Ахра запаслась попкорном, чипсами и колой, и они с Дрюговски отправились на сеанс. Фильм назывался «Любовь навеки». Низкосортная, малобюджетная нелепица, как сказала мисс Незевиль, только прочитав название. Однако выбрала она именно его. Дрюговски еще с самого начала оставил право выбора полностью за ней и поэтому не протестовал. В кино он не особо разбирался, но название перекоробило даже его.
Смысл столь странного выбора девушки он понял, только войдя в зал. На сеанс, помимо них, пришло еще всего три человека. Ешь, разговаривай — и фиг кто скажет, мол, не шумите, фильм смотреть мешаете. Класс.
Картина, что удивительно, оказалась не такой уж и плохой. Сюжет повествовал о девушке, влюбившейся, в полном смысле этого слова, в саму себя. Свидания с самой собой, робкие признания самой себе, поцелуи с самой собой… Веселья, в общем, не отбавлять. Как так получилось, в фильме не уточняется. Все так и начинается — она, полуголая, смотрит в зеркало и, засмущавшись, прикрывается одеялом. Ну и дальше все в этом духе. Сумасшедшая, явно. Что-то, что передернуло ее в прошлом, довело ее до такого сумасброда, думал Дрюговски. Ахра все же склонялась к наркотикам или врожденной внутренней растерянности. Все сводится к тому, что главная героиня, однажды намеренно унизив одну девушку, начинает ненавидеть ту саму себя, в которую была влюблена, и разрывает сама с собой отношения. Если опустить детали, в завершение ее все-таки спасает ее приемный отец. До самоубийства или психушки дело не доходит, девушка вновь нормальная. После — учеба в колледже, муж, дети. И все благодаря смекалистому папаше. Ол Тейкс играют свою «Saying Goodbye To The Death» в титрах.
На выходе Ахра заявила, что в обязательном порядке посмотрит его во второй раз. Возможно, и в третий. Свое решение она не прокомментировала, равно как и сам фильм в целом, от которого Дрюговски был, в общем, не в восторге.
— Ты меня пугаешь, — удивленно отрезал он, когда услышал от Ахры о ее желании повторного просмотра. — Чем эта безвкусица могла тебя привлечь?
— Совершенно ничем. Именно поэтому и посмотрю.
— Странная ты.
— Угу, без заворотов, — улыбнулась она. — Что там у нас со временем?

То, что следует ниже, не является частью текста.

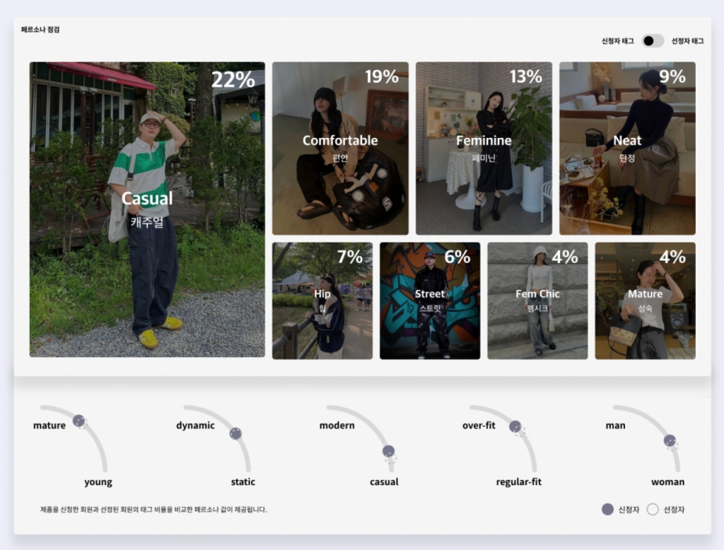 '룩태그'는 패션 마케팅의 성과를 구체적으로 분석·관리할 수 있는 독자적인 기술이다. 크리에이터 콘텐츠를 정밀하게 분석해 브랜드와 얼마나 잘 맞는지, 또 그 결과가 어떻게 나왔는지를 파악할 수 있도록 돕는다. 이를 통해 브랜드는 단순히 팔로워 수나 좋아요 수에 의존하지 않고, 실질적인 마케팅 효과를 측정할 수 있다.

Дрюговски чуть оттянул рукав на правой руке и посмотрел на часы.
— Без десяти пять, — озвучил он. — Ты спешишь? Куда-то нужно?
— Встреча с мэром у меня в два часа ночи. В остальном же планов не было, кроме как с тобой повидаться.
— Вот как… Это хорошо тогда, что я с обеда тебя встретил. Иначе до вечера бы тухла в гостинице. Что ж, как насчет похода в океанарий? Атмосфера для душевного разговора там что надо. — Он улыбнулся.
— Да, я не против. Только давай сперва домой к тебе заедем. Я хотела бы с тетей Блюр повидаться. Соскучилась… К тому же, у меня для нее подарок приготовлен.
Ответа сразу не последовало. И через пару секунд тоже. Так и не дождавшись его, Ахра наконец отвела взгляд от рекламного постера «Любовь навеки» и посмотрела на Дрюговски — тот был в крайней степени поникшим. Безжизненным взглядом он вцепился в пространство перед собой, при этом совсем не шевелясь. Грустный манекен — идеальное сравнение. Он просто вдруг застыл на месте.
И так же просто вдруг ожил, с трудом проговорив:
— Блюр… умерла.
Хотя новости и были, мягко говоря, не из самых приятных, Ахра лишь чуть сдвинула брови, сделавшись серьезнее в лице. В отличие от Дрюговски, один пустой взгляд которого кричал… нет, размеренно шептал о необъятном отчаянии и горе, заполонившими его изнутри, она приняла это просто как факт. Ни больше, ни меньше.
Продолжился разговор уже в ресторанчике под названием «Брейв Соул», что был неподалеку. Они уселись у окна и заказали выпить.
— Это случилось месяц назад. — Дрюговски говорил с продолжительными паузами. В глаза Ахре он не смотрел. — То был совершенно обычный, не предвещающий ничего плохого, день… Я и Блюр отдыхали дома… Ближе к ужину она попросила меня съездить в магазин, купить овощей… Я еще немного порылся в газетах, но вскоре собрался и поехал… Когда я вернулся, то обнаружил ее уже мертвой… — Все это время Ахра смотрела на него строгим взглядом. — Только я увидел ее лежащей на кровати, я почему-то сразу понял, что она мертва… Почему — не знаю… Можно было подумать, что она просто решила вздремнуть… Но лично для себя я совершенно точно определил — умерла… — Залпом он осушил стоящую перед ним чашечку тахитати. — Скорую вызвал не сразу… Я просто выскочил из дома, сел в машину и куда-то поехал… Без цели — просто завел мотор и дал по газам, устремившись в никуда… Где я был, уже и не помню… Я просто испугался… — В последний момент его голос дрогнул, и он закрыл глаза рукой.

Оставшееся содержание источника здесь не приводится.